Successful antiviral therapy retards hepatic fibrosis,33,37,38,64,65 even reverses cirrhosis,66,67 and improves survival.68,69,70 Unlike pegylated interferon, oral agents are effective in patients who previously did not have a response to interferon,33,35,37,42,44 can be used safely and effectively as salvage therapy in patients with hepatic decompensation (delaying or averting liver transplantation),71,72,73,74 and, in patients with advanced fibrosis and cirrhosis, may prevent hepatic decompensation.75 Thus, the introduction of oral nucleoside and nucleotide analogues has been lifesaving in HBV infection, paralleling a 30% reduction (from 586 patients in 2000 to 406 patients in 2006) in the number of patients listed for liver transplantation annually in the United States.76
The side effects of pegylated interferon include flulike symptoms, marrow suppression, depression and anxiety, and autoimmune disorders, especially autoimmune thyroiditis; close medical supervision and laboratory monitoring are required.
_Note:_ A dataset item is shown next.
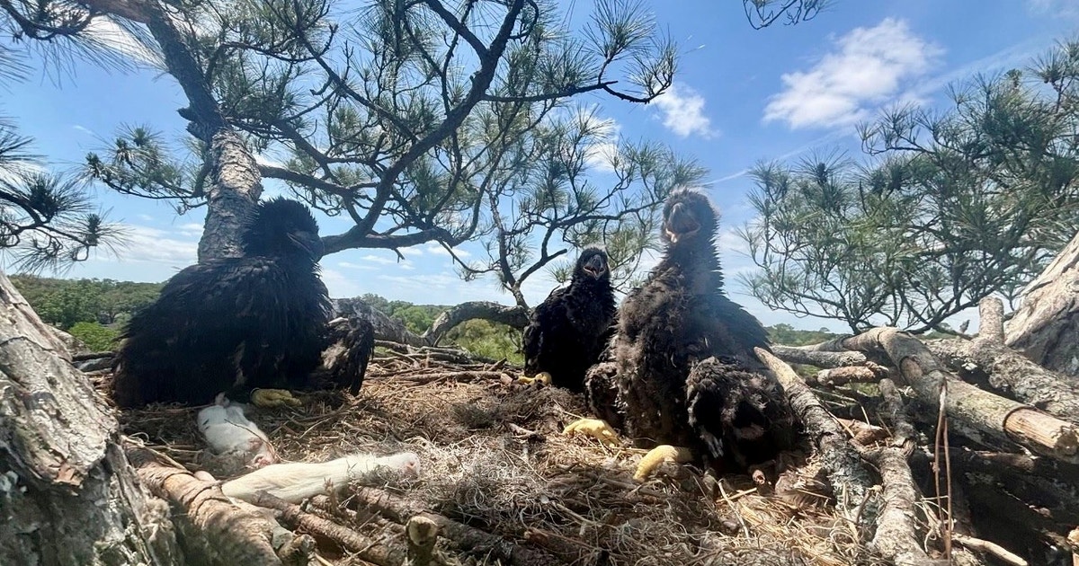 EagleWatch workforce members sought the required federal, state, and landowner permissions to entry the spacious nest, the place an skilled, volunteer tree climber positioned the eaglet. The eagles welcomed their new member of the family and, a number of weeks later, all three eaglets fledged inside 24 hours of one another.

Most oral agents have an acceptable side-effect profile even after extended use,39,40,45,77 but because adefovir and tenofovir may cause nephrotoxic effects, periodic monitoring of renal function during nucleotide therapy is advisable.39,40 In preclinical rodent-toxicology studies, doses of entecavir that were 30 to 40 times higher than those that were used in humans were associated with lung, brain, and liver tumors, which have not been observed in higher species (e.g., rabbits and dogs).42,44,45 Telbivudine, too, appears to cause few major toxic side effects, although grade 3 and 4 elevations in levels of creatine kinase were more common in patients treated with telbivudine than in patients treated with lamivudine after 2 years of therapy,48 and peripheral neuropathy has been attributed to telbivudine.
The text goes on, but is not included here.